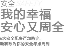 安全安全籠式車身、井字鋼梁、潰縮空間設(shè)計(jì) 4輪29次安全碰撞測(cè)試,以國(guó)際安全標(biāo)準(zhǔn)呵護(hù)您的旅程 ABS+EBD、五座標(biāo)準(zhǔn)安全帶(前排帶預(yù)張緊功能) 全系標(biāo)配雙安全氣囊、安全碰撞可潰縮吸能轉(zhuǎn)向柱 后排車門(mén)兒童安全鎖和后排IS0FIX兒童安全座椅固定裝置 行人保護(hù)安全車頭雙翼區(qū)
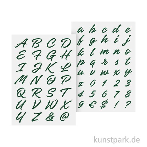 Dekorative Groß- und Kleinbuchstaben als Schablonen Set mit Zahlen und Sonderzeichen. Die hochwertigen QBIX Schablonen sind aus 0,3 mm semitransparentem Mylar-Kunststoff lasergeschnitten. Sie sind flexibel, langlebig und für alle Farben geeignet.
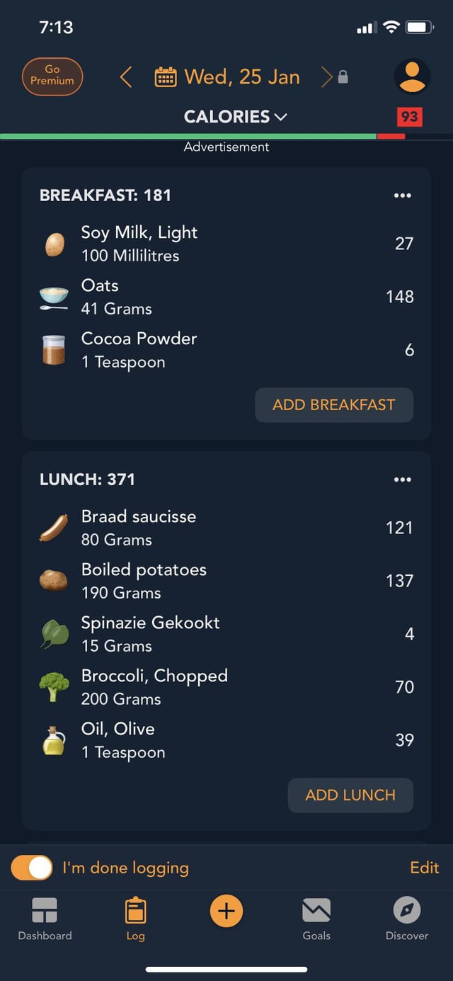 Lunch: veggie sausage, broccoli, mashed potato with spinach

________________________

- [Exercise brief]:
Please keep every line of the data the same when you reproduce it, and keep every picture out.

- [Answer to the problem]:
 安全安全籠式車身、井字鋼梁、潰縮空間設(shè)計(jì) 4輪29次安全碰撞測(cè)試,以國(guó)際安全標(biāo)準(zhǔn)呵護(hù)您的旅程 ABS+EBD、五座標(biāo)準(zhǔn)安全帶(前排帶預(yù)張緊功能) 全系標(biāo)配雙安全氣囊、安全碰撞可潰縮吸能轉(zhuǎn)向柱 后排車門(mén)兒童安全鎖和后排IS0FIX兒童安全座椅固定裝置 行人保護(hù)安全車頭雙翼區(qū)
 Dekorative Groß- und Kleinbuchstaben als Schablonen Set mit Zahlen und Sonderzeichen. Die hochwertigen QBIX Schablonen sind aus 0,3 mm semitransparentem Mylar-Kunststoff lasergeschnitten. Sie sind flexibel, langlebig und für alle Farben geeignet.
 Lunch: veggie sausage, broccoli, mashed potato with spinach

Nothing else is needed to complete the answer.